====== Records to process ======

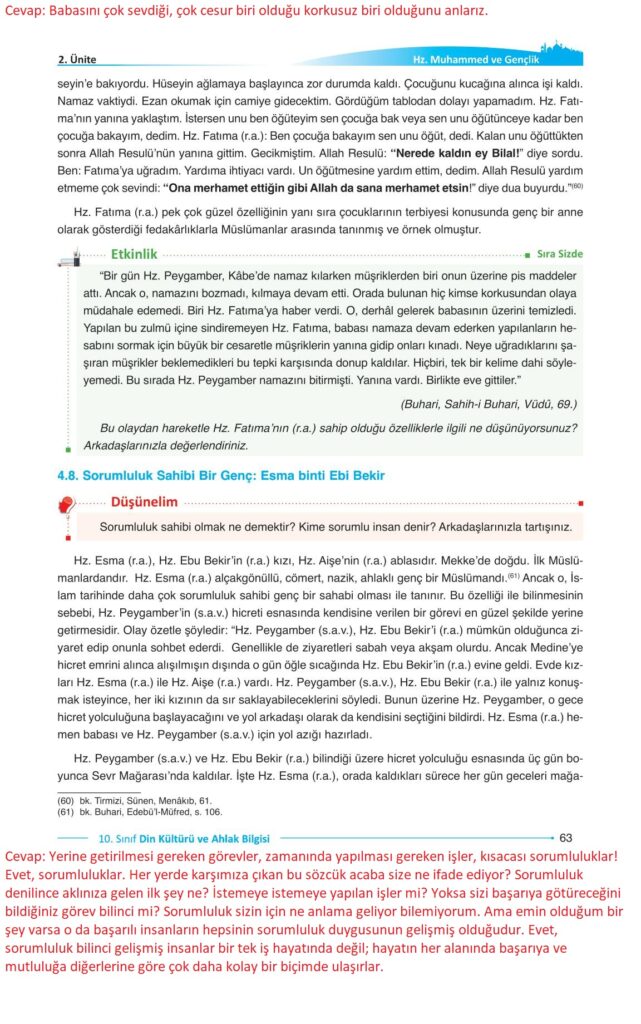 10. Sınıf Din Kültürü ve Ahlak Bilgisi Gezegen Yayıncılık Sayfa 63 Cevapları / Cevabı
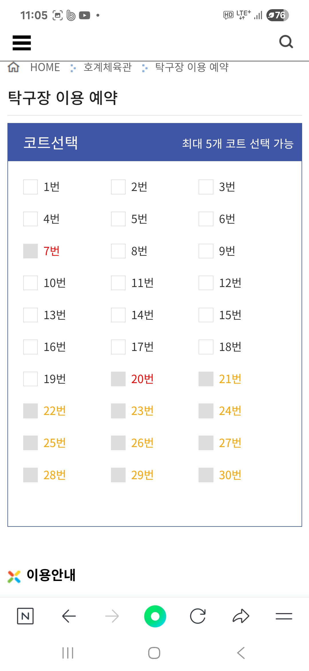 안녕하세요. 대관 추첨제 관련 신청 방법 개선해 주시기 바랍니다. 1시간 단위로 한개씩 밖에 안됩니다. 동호회에서 신청할려면 너무 많은 회수의 신청을 해야 합니다. 여러개의 날짜 동시 선택 여러개의 테이블 동시 선택 시간 1시간.2시간.3시간 동시 선택하게 주시기 바랍니다. 멀티 시간대 설정하고 1개월 날짜 멀티로 선택하게 해 주세요 참조로 추첨제는아니지만 호계체육관은 같은 시간대 여러테이블을 신청할 수 있습니다. 보통 시민체육관의 경우 주말 대관이 문제인데 동호회에서는 2~3시간 3~5개 테이블을 사용합니다. 고려하여 추첨제 대과 신청을 쉽게 할 수 있도록 요청합니다
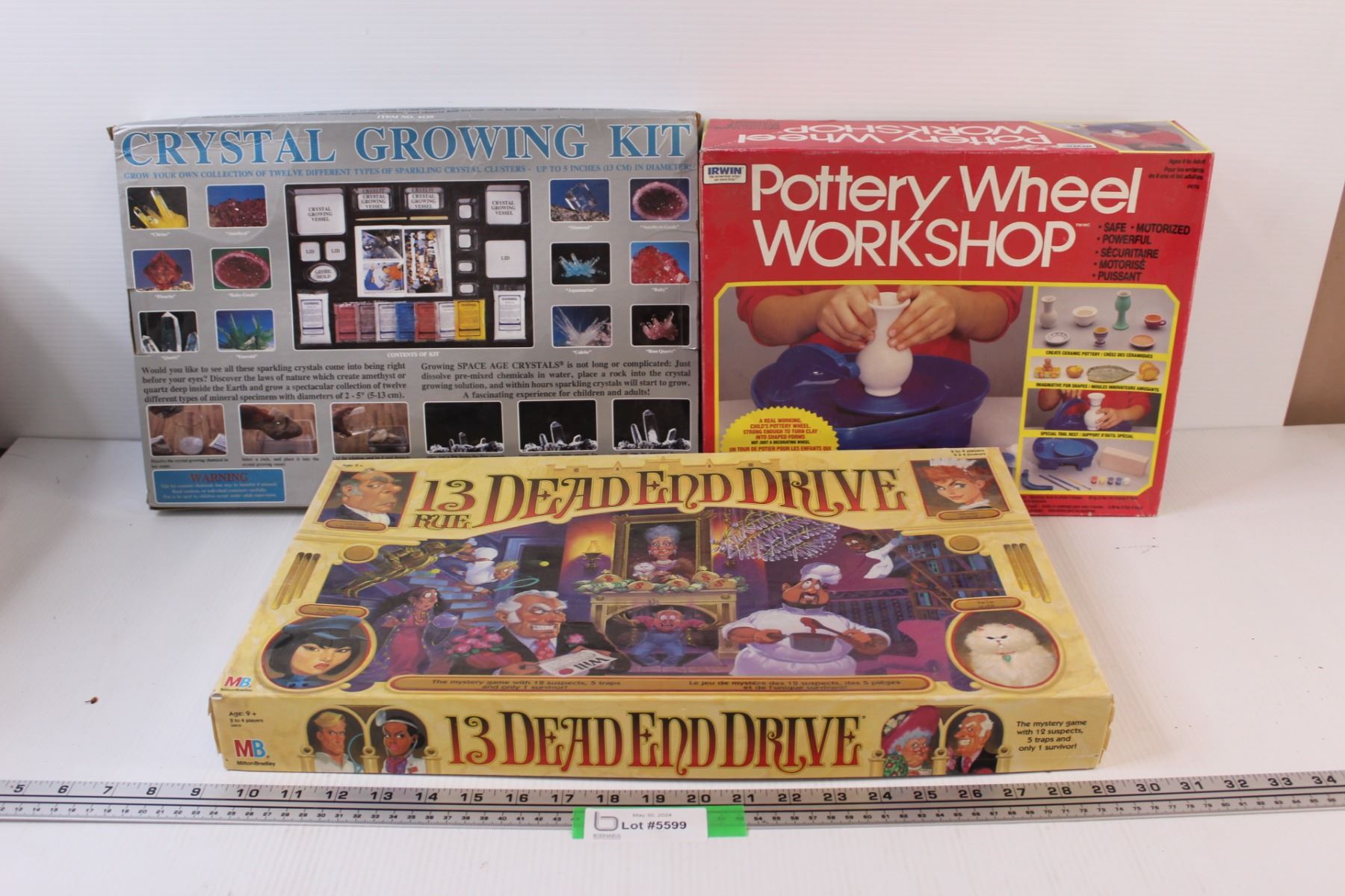 Crystal Growing Kit, Pottery Wheel, 13 Dead End Drive Board Game ( All AS IS)
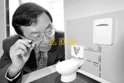 本港新發明的「輕便型廁所污水消毒系統」,能減低病毒由廁所對外傳播,令污水內99.999%的大腸杆菌在數秒內消除,適合香港狹窄環境。 本報記者羅蘭蓉 攝
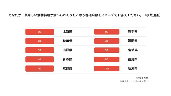 また「あなたが、美味しい煮物料理が食べられそうだと思う都道府県」をイメージで尋ねてみたところ、北海道が1位となりました。北海道は骨まで食べられる「カスベの煮付け」などが郷土料理として知られており、海の幸を使った煮物料理が多くあります。次いで、2位が秋田県、3位が山形県、4位が同着の青森県、京都府という結果になりました。
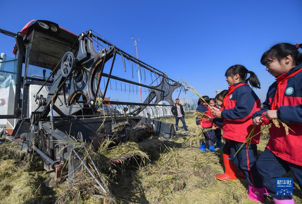 当日,在浙江省湖州市吴兴区道场乡钱山下村粮油合作社的千亩稻田中,湖州市吴兴区城南实验学校的学生们在党员志愿者和老师们的带领下开启了“秋季田间课”的农耕文化体验,了解粮食的来之不易,树立节约粮食的观念。
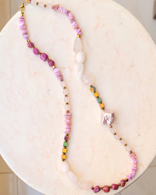 Stones & Natural Pearl Barbie Necklace
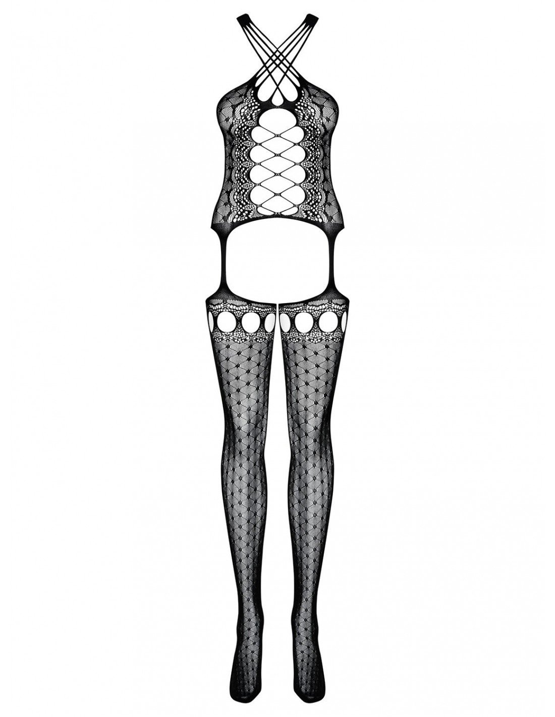 To bodystocking to prawdziwe dzieło sztuki. Jego bogato zdobione wzory geometryczne dodają mu niepowtarzalnego uroku. Połączenie topu z pończochami kusi i odsłania Twoje zjawiskowe pośladki. Dekolt ozdobiony skrzyżowanymi paseczkami podkreśla Twoje piersi, dodając im jeszcze więcej seksapilu. Pionowe wycięcia na brzuszku optycznie wyszczuplają Twoją talię, a wycięcia na udach są dodatkową ozdobą, która przyciąga uwagę.
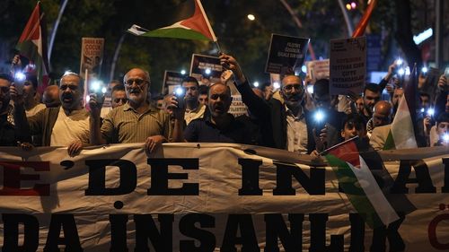 Ankara'da Gazze İçin Yürüyüş Düzenlendi Başkent Ankara'da, Filistin Dayanışma Platformu (ANFİDAP) üyeleri, İsrail'in Gazze'ye yönelik saldırılarını protesto etmek amacıyla Kocatepe Camisi'nden Sıhhiye Meydanı'na yürüyüş gerçekleştirdi. “Tek Gündemimiz Gazze” temasıyla yapılan çağrı üzerine akşam saatlerinde çok sayıda katılımcı, Kocatepe Camisi önünde…
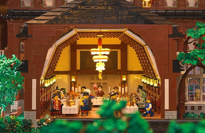 부산 해운대에 위치한 그랜드 조선 부산의 로비에 들어서면, 시간 여행을 떠난 듯한 기분이 들게 됩니다. 이번 전시에서는 조선호텔의 개관 당시 모습을 사실감 있게 표현한 거대한 레고 디오라마가 관람객을 맞이하고 있어요. 특히, 당시 호텔 외관의 웅장함과 아름다운 로즈가든의 모습을 섬세하게 담아냈답니다. 건축 도면과 옛 사진 자료를 기반으로, 김승유 작가는 10만 개가 넘는 레고 브릭을 이용해 그 시절의 럭셔리함을 고스란히 재현했어요.
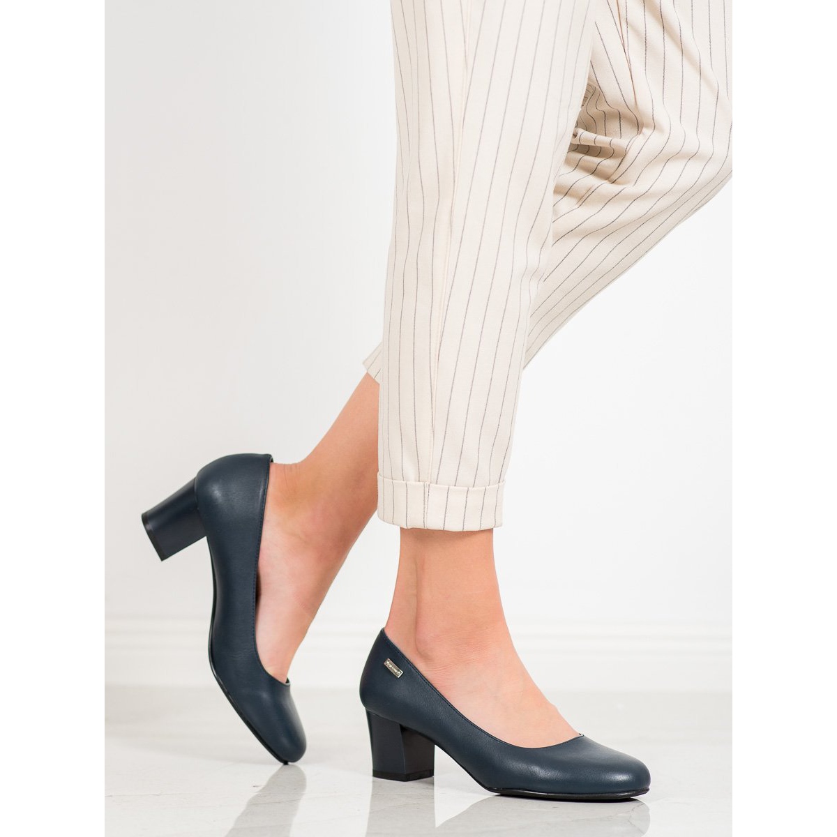 Discover elegance at its best with the Sergio Leone women's pumps in an extraordinary blue color. These classic shoes, made of high-quality ecological leather, combine style and comfort, perfectly adapting to the anatomical shape of the foot. The solid 5.5 cm block heel guarantees stability with every step, making them a great choice for special occasions and everyday wear.

======

§ **Problem requirements**: What you write must match, line for line, the records from the line containing "Stones & Natural Pearl Barbie Necklace" through the last line, with every picture left out.

§ **Answer below**:
 Stones & Natural Pearl Barbie Necklace
 To bodystocking to prawdziwe dzieło sztuki. Jego bogato zdobione wzory geometryczne dodają mu niepowtarzalnego uroku. Połączenie topu z pończochami kusi i odsłania Twoje zjawiskowe pośladki. Dekolt ozdobiony skrzyżowanymi paseczkami podkreśla Twoje piersi, dodając im jeszcze więcej seksapilu. Pionowe wycięcia na brzuszku optycznie wyszczuplają Twoją talię, a wycięcia na udach są dodatkową ozdobą, która przyciąga uwagę.
 Ankara'da Gazze İçin Yürüyüş Düzenlendi Başkent Ankara'da, Filistin Dayanışma Platformu (ANFİDAP) üyeleri, İsrail'in Gazze'ye yönelik saldırılarını protesto etmek amacıyla Kocatepe Camisi'nden Sıhhiye Meydanı'na yürüyüş gerçekleştirdi. “Tek Gündemimiz Gazze” temasıyla yapılan çağrı üzerine akşam saatlerinde çok sayıda katılımcı, Kocatepe Camisi önünde…
 부산 해운대에 위치한 그랜드 조선 부산의 로비에 들어서면, 시간 여행을 떠난 듯한 기분이 들게 됩니다. 이번 전시에서는 조선호텔의 개관 당시 모습을 사실감 있게 표현한 거대한 레고 디오라마가 관람객을 맞이하고 있어요. 특히, 당시 호텔 외관의 웅장함과 아름다운 로즈가든의 모습을 섬세하게 담아냈답니다. 건축 도면과 옛 사진 자료를 기반으로, 김승유 작가는 10만 개가 넘는 레고 브릭을 이용해 그 시절의 럭셔리함을 고스란히 재현했어요.
 Discover elegance at its best with the Sergio Leone women's pumps in an extraordinary blue color. These classic shoes, made of high-quality ecological leather, combine style and comfort, perfectly adapting to the anatomical shape of the foot. The solid 5.5 cm block heel guarantees stability with every step, making them a great choice for special occasions and everyday wear.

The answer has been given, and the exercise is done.